# TNO Quantum: Machine Learning - Regression - Linear regression
TNO Quantum provides generic software components aimed at facilitating the development
of quantum applications.
This package contains implementations of quantum-inspired algorithms for linear regression. It assumes a
linear system of the form `Ax=b`, where `A` is the training data, `x` is a vector of
unknown coefficients, and `b` is a vector of target values.

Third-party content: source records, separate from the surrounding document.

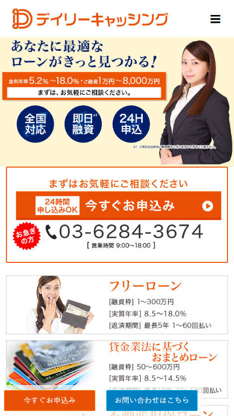 デイリーキャッシング 年5.2%~14.5% 200万~5,000万円 最短即日 不要 不要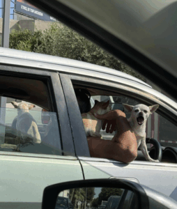 Ο ένας μάλιστα, είναι στον ώμο του οδηγού, ενώ δεύτερος βρίσκεται στα πόδια του, έχοντας το κεφάλι έξω από το παράθυρο.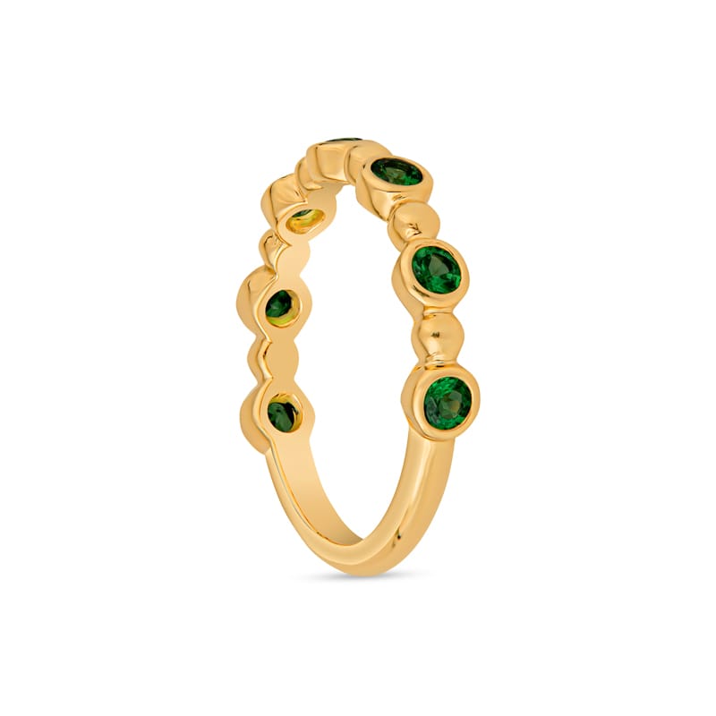 This elegant 18 karat yellow gold ring features a delightful arrangement of natural tsavorite gemstones in a vibrant green color alternating with a gold bead. Perfect for stacking or worn alone, it adds a touch of sophistication to any outfit. This ring is a size 6.75 but can be resized upon request.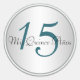 This teal, black, and silver Mis Quince Años sticker matches the Quinceañera invitation shown below. All the text is customisable. You can change the font style and colour. You can also size it up to 3" in diameter, which would be a good size to use to apply to your party favours.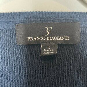 Franco Biagianti Mens 100% Merino Wool Blue V Neck Sweater Size Large. Good used condition no flaws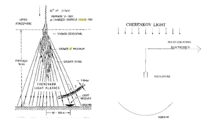 Above left is a cartoon drawn by Jelley of the atmospheric Cherenkov shower phenomenon. Above right is a diagram showing the essential elements of an atmospheric Cherenkov detector.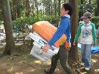 テントや鍋などのキャンプ備品は、自分たちで運びます。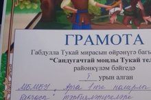 25 апрель көнне бакчабызда тәрбияләнүче балалар,Г.Тукай мирасын өйрәнүгә багышланган"Сандугачтай моңлыТукай теле"районкүләм бәйгедә катнашып 1 урын алып кайттылар.Алар Г.Тукай әсәрләренә нигезләнгән "Сөткә төшкән тычкан маҗаралары"дигән театр күрсәттеләр.Балаларга киләчәктә дә уңышлар телибез.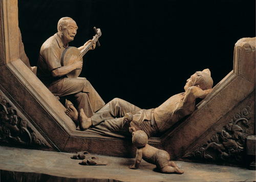 《暮歌》描繪鹿港聚英社內,彈南管琵琶的老人,在蒼茫暮色中,藉由琴音傳達對於生命的感慨與無奈;《門裡門外》,老、中、幼三代人物,以古老廟門為場景,老人在門內彈奏月琴,敘述著時間之河沉澱下的歷史傳承與生活智慧,含著奶嘴的幼兒在門外,手持搖鼓與老人滿佈皺紋的臉龐相輝映,傳達代代相續的希望和喜悅。
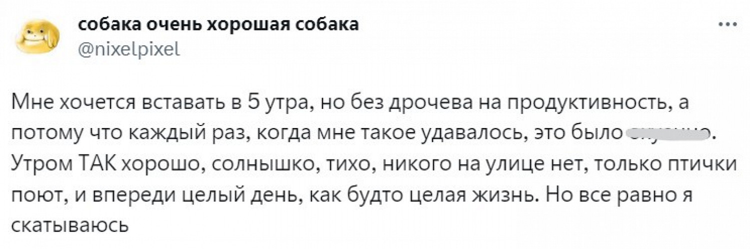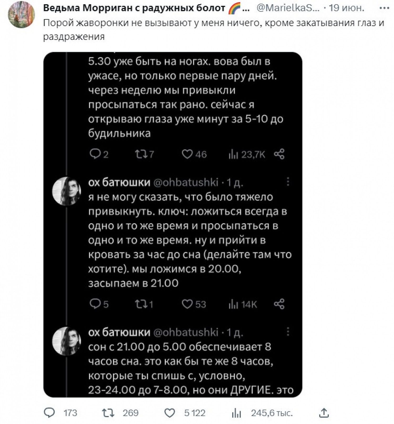 Вслед к обсуждению подключились те, кто не понимает, зачем начинать день спозаранку, и те, у кого это не получается. Они обнаружили и виновника раннего пробуждения — капитализм, который заставляет людей «вставать с рассветом, чтобы успевать еще как‑то саморазвиваться».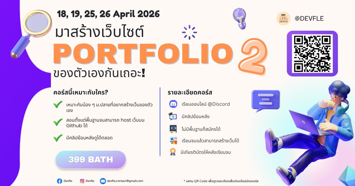 Devfle ชวนน้องๆ มัธยม และทุกคนที่สนใจ มาปลดล็อกสกิลสร้างเว็บไซต์ของตัวเองในไม่กี่ชั่วโมง!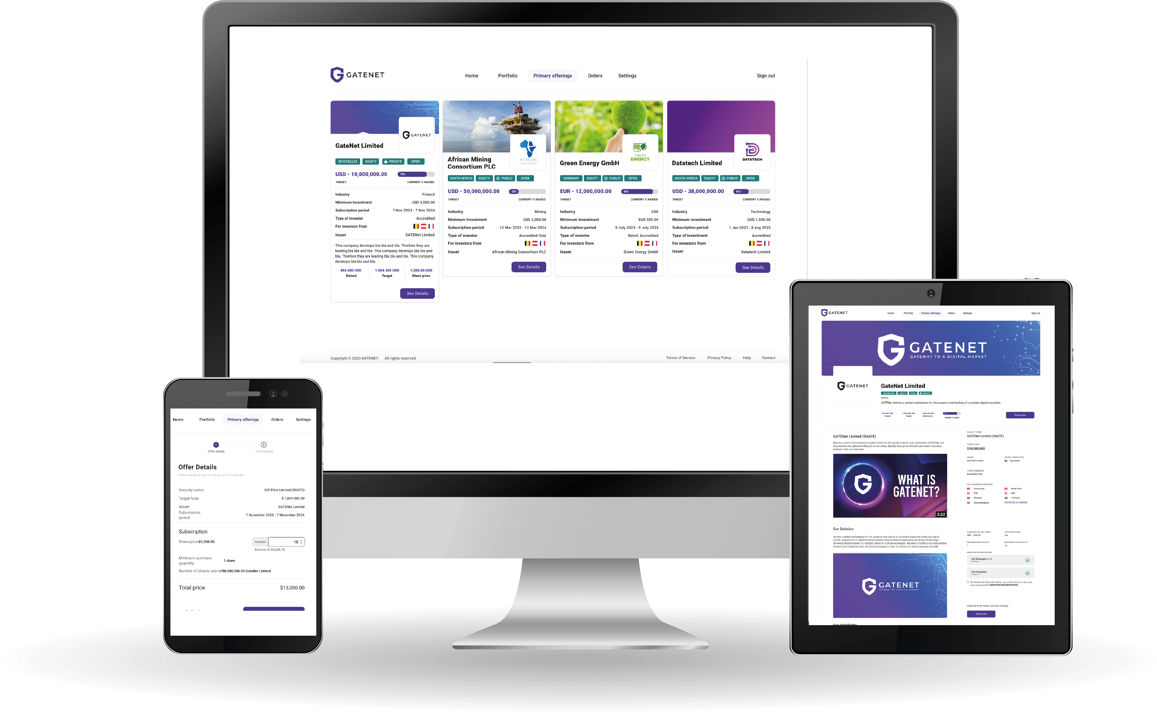 GATENet’s primary offering covers the entire equity issuance lifecycle from asset set-up within the Central Securities Depository (CSD) through to configuring the offering within the front end GATENet Primary Issuance Platform (PIP) with relevant prospectus/offering document and documentation for prospective buyers to view and subscribe to an offering.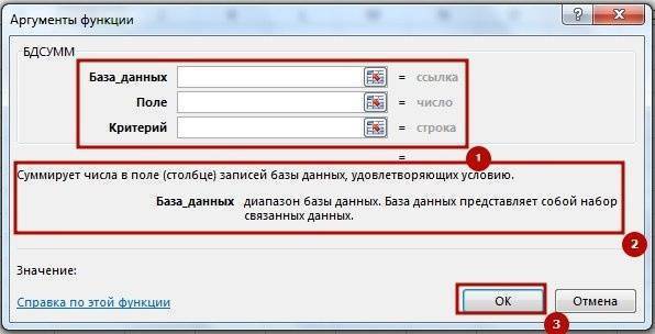 - поле — это аргумент, который принимает текстовые данные, характеризующие имя поля в базе данных (заголовок столбца таблицы), или числовые значения, которые характеризуют порядковый номер столбца в списке данных. Отсчет начинается с единицы, то есть первый столбец списка может быть обозначен цифрой 1. Другой вариант заполнения аргумента поля — передать ссылку на требуемый столбец (на ячейку, содержащую его заголовок);

The class `QILinearEstimator` provides three methods:
`fit`, `predict_x`, and `predict_b`. Once the `fit` method has been called using `A` and `b`,
`predict_x` can be used to sample entries of the estimated coefficient vector. Alternatively,
`predict_b` can be used to sample entries of predictions corresponding to (un)observed
target values.
*Limitations in (end-)use: the content of this software package may solely be used for applications
that comply with international export control laws.*
## Documentation
Documentation of the linear regression package can be found [here](https://tno-
quantum.github.io/documentation/).
## Install
Easily install the `tno.quantum.ml.regression.linear_regression` package using pip:
```console
$ python -m pip install tno.quantum.ml.regression.linear_regression
```
## Example
See example below. More examples can be found in the `test` directory.
```python
import numpy as np
from sklearn.datasets import make_low_rank_matrix
from sklearn.model_selection import train_test_split
from tno.quantum.ml.regression.linear_regression import QILinearEstimator
rng = np.random.RandomState(7)
# Generate example data
m = 700
n = 100
A = make_low_rank_matrix(n_samples=m, n_features=n, effective_rank=3, random_state=rng, tail_strength=0.1)
x = rng.normal(0, 1, A.shape[1])
b = A @ x
# Create training and test datasets
A_train, A_test, b_train, b_test = train_test_split(A, b, test_size=0.3, random_state=rng)
# Fit quantum-inspired model
rank = 3
r = 100
c = 30
n_samples = 100 # for Monte Carlo methods
qi = QILinearEstimator(r, c, rank, n_samples, rng, sketcher_name="fkv")
qi = qi.fit(A_train, b_train)
# Sample from b (vector of predictions)
n_entries_b = 1000
sampled_indices_b, sampled_b = qi.predict_b(A_test, n_entries_b)
```
## Credits
The algorithms found in this repository have been developed in collaboration
with the Quantum Application Lab and have been based on:
- https://github.com/QuantumApplicationLab/quantum-inspired-algorithms
- https://github.com/XanaduAI/quantum-inspired-algorithms
- "Quantum-inspired algorithms in practice", by Juan Miguel Arrazola, Alain Delgado, Bhaskar Roy Bardhan, and Seth Lloyd. 2020-08-13, volume 4, page 307. Quantum 4, 307 (2020).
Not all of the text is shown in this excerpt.